Set the pictures aside and set down only the lines from the line holding "dietro. [immagine] |" through the end of the entries below, ends included.

===== Information given

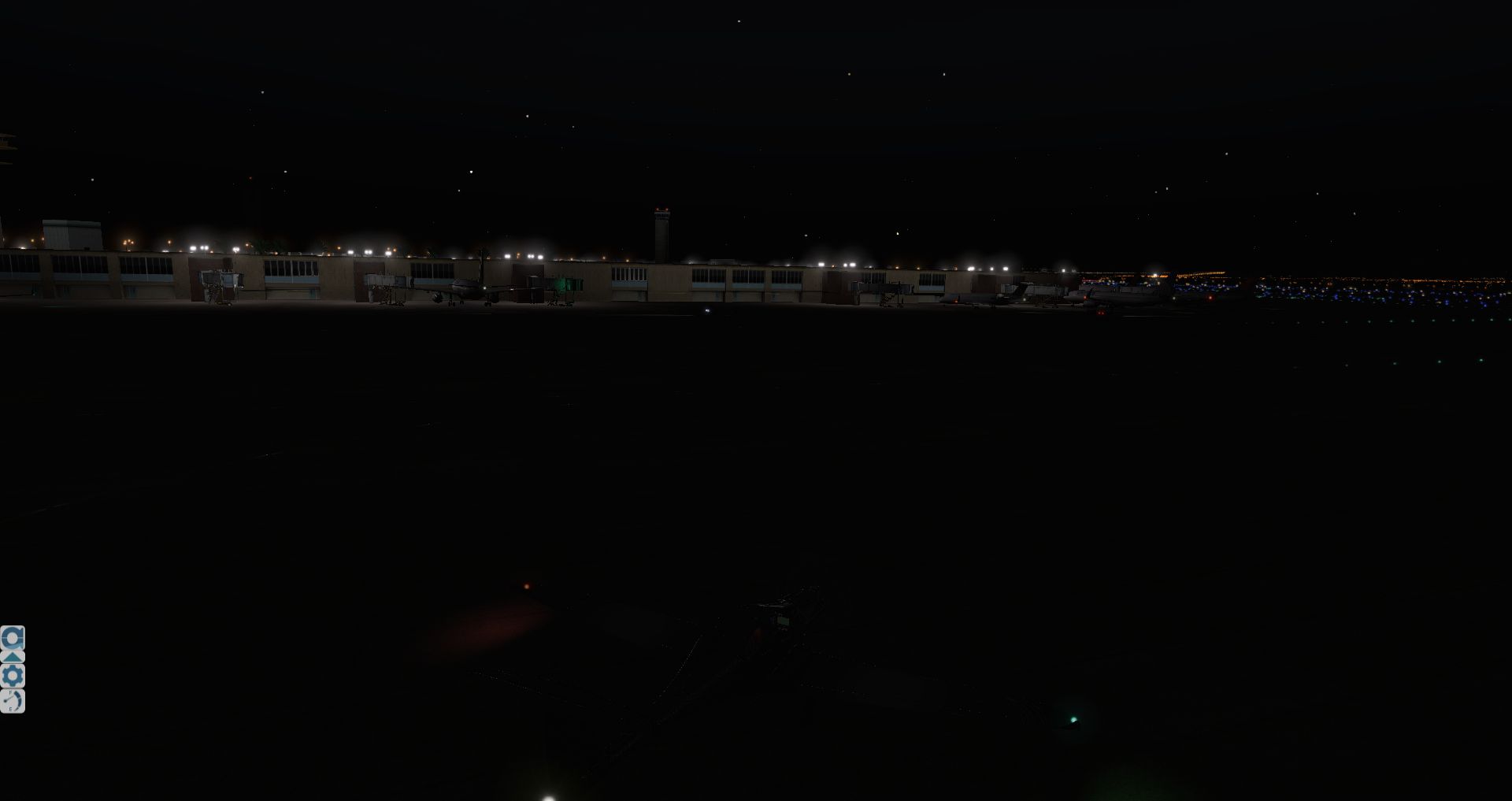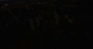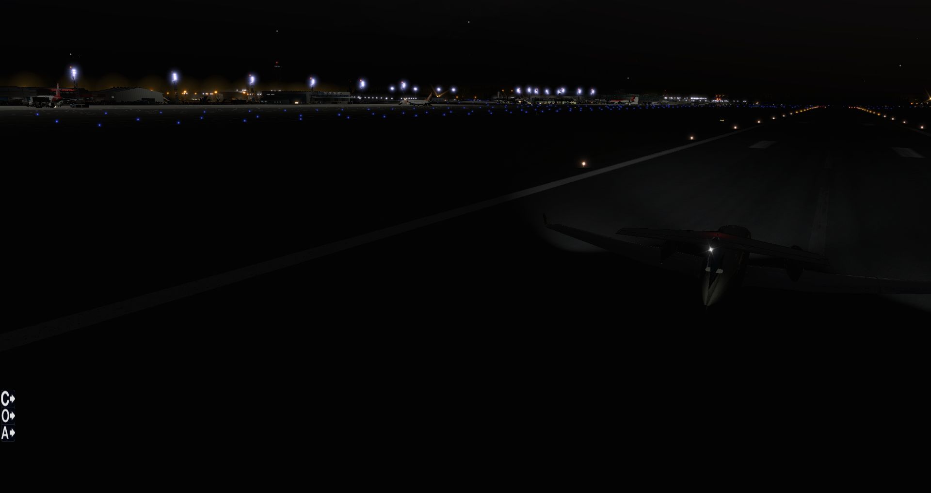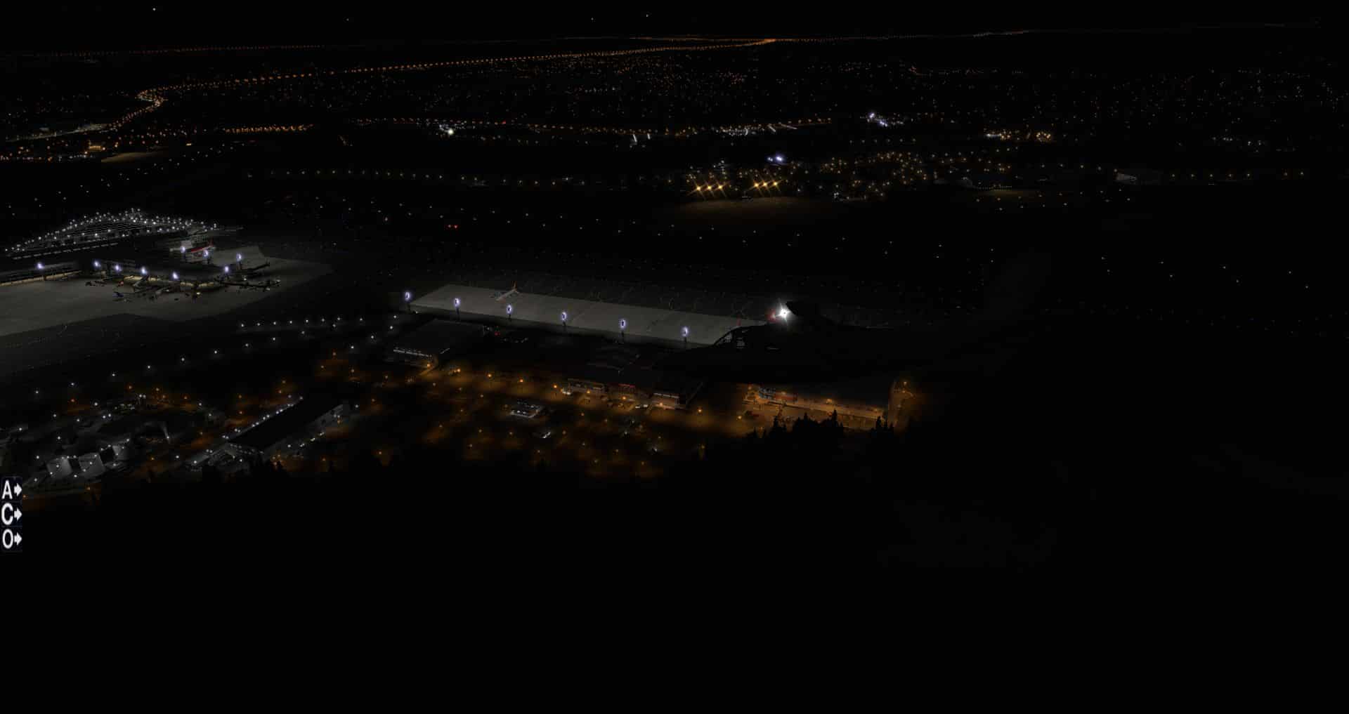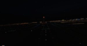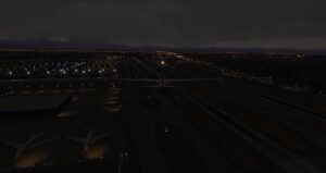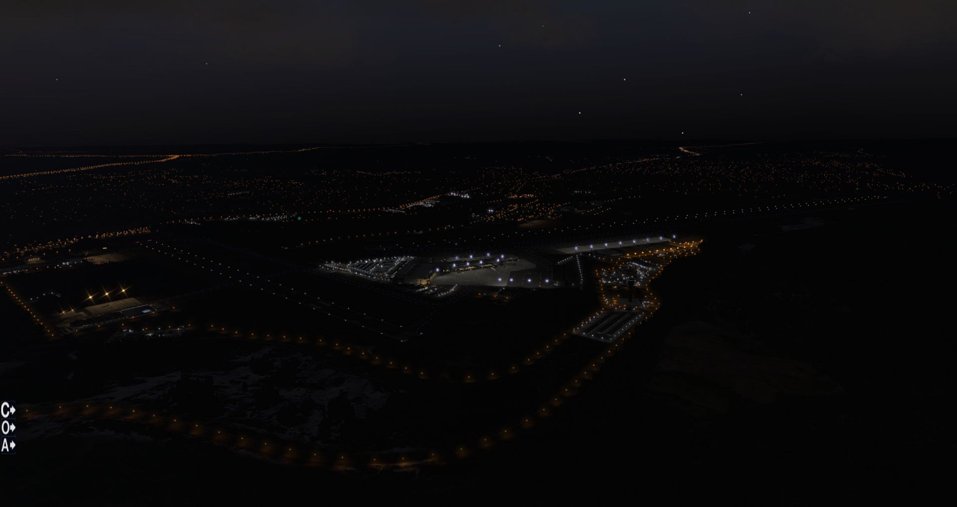Um den Straßenverlauf zu sehen muss man schon auf Nacht umschalten. Da sehen wir unten die Zu- und Abfahrtstraßen für den Flughafen selbst und vom zivilen Bereich eine Zufahrt in den militärischen Sektor. Es sind jedoch aus Sicht von X-Plane nur Bilder, keine Straßen für den Default Straßenverkehr.
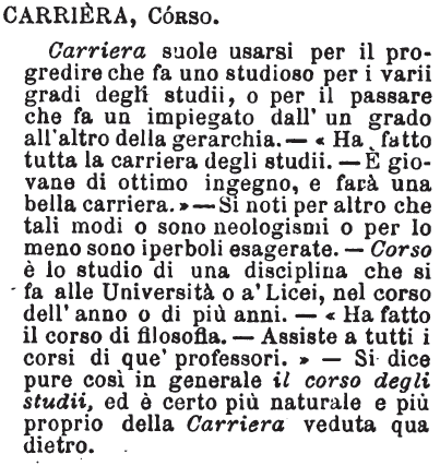 | Carriera, Corso - Carriera suole usarsi per il progredire che fa uno studioso per i varii gradi degli studii, o per il passare che fa un impiegato dall'un grado all'altro della gerarchia. - «Ha fatto tutta la carriera degli studii. - E' giovane di ottimo ingegno, e farà una bella carriera.» - Si noti per altro che tali modi o sono neologismi o per lo meno sono iperboli esagerate. - Corso è lo studio di una disciplina che si fa alle Università o a' Licei, nel corso dell'anno o di più anni. - «Ha fatto il corso di filosofia. - Assiste a tutti i corsi di que' professori.» - Si dice pure così in generale il corso degli studii, ed è certo più naturale e più proprio della Carriera veduta qua dietro. [immagine] |
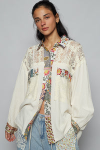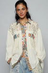 This button up shirt features a double cotton gauze body with patchwork print trim and lace patch textured fabric, button down front, patch pockets, and an oversized fit. Lighter weight. The stunning detail in this bohemian-inspired top will instantly elevate any look!
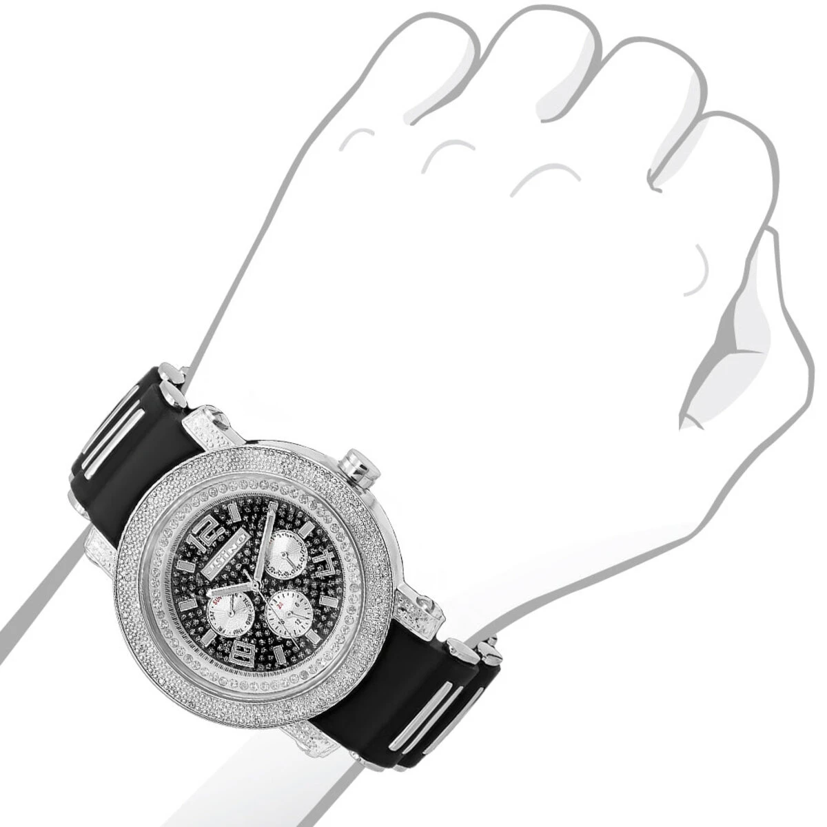 Jojino Iced Out Men’s Diamond Watch Black Rubber Band Chronograph 0.25ct
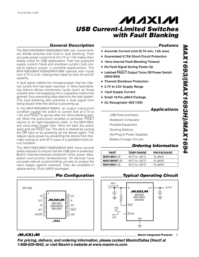 MAX1607 USB Current-Limited Switch w/ Fault Blanking and Pin-Compatible Package

==========

Reply to the task:
 | Carriera, Corso - Carriera suole usarsi per il progredire che fa uno studioso per i varii gradi degli studii, o per il passare che fa un impiegato dall'un grado all'altro della gerarchia. - «Ha fatto tutta la carriera degli studii. - E' giovane di ottimo ingegno, e farà una bella carriera.» - Si noti per altro che tali modi o sono neologismi o per lo meno sono iperboli esagerate. - Corso è lo studio di una disciplina che si fa alle Università o a' Licei, nel corso dell'anno o di più anni. - «Ha fatto il corso di filosofia. - Assiste a tutti i corsi di que' professori.» - Si dice pure così in generale il corso degli studii, ed è certo più naturale e più proprio della Carriera veduta qua dietro. [immagine] |
 This button up shirt features a double cotton gauze body with patchwork print trim and lace patch textured fabric, button down front, patch pockets, and an oversized fit. Lighter weight. The stunning detail in this bohemian-inspired top will instantly elevate any look!
 Jojino Iced Out Men’s Diamond Watch Black Rubber Band Chronograph 0.25ct
 MAX1607 USB Current-Limited Switch w/ Fault Blanking and Pin-Compatible Package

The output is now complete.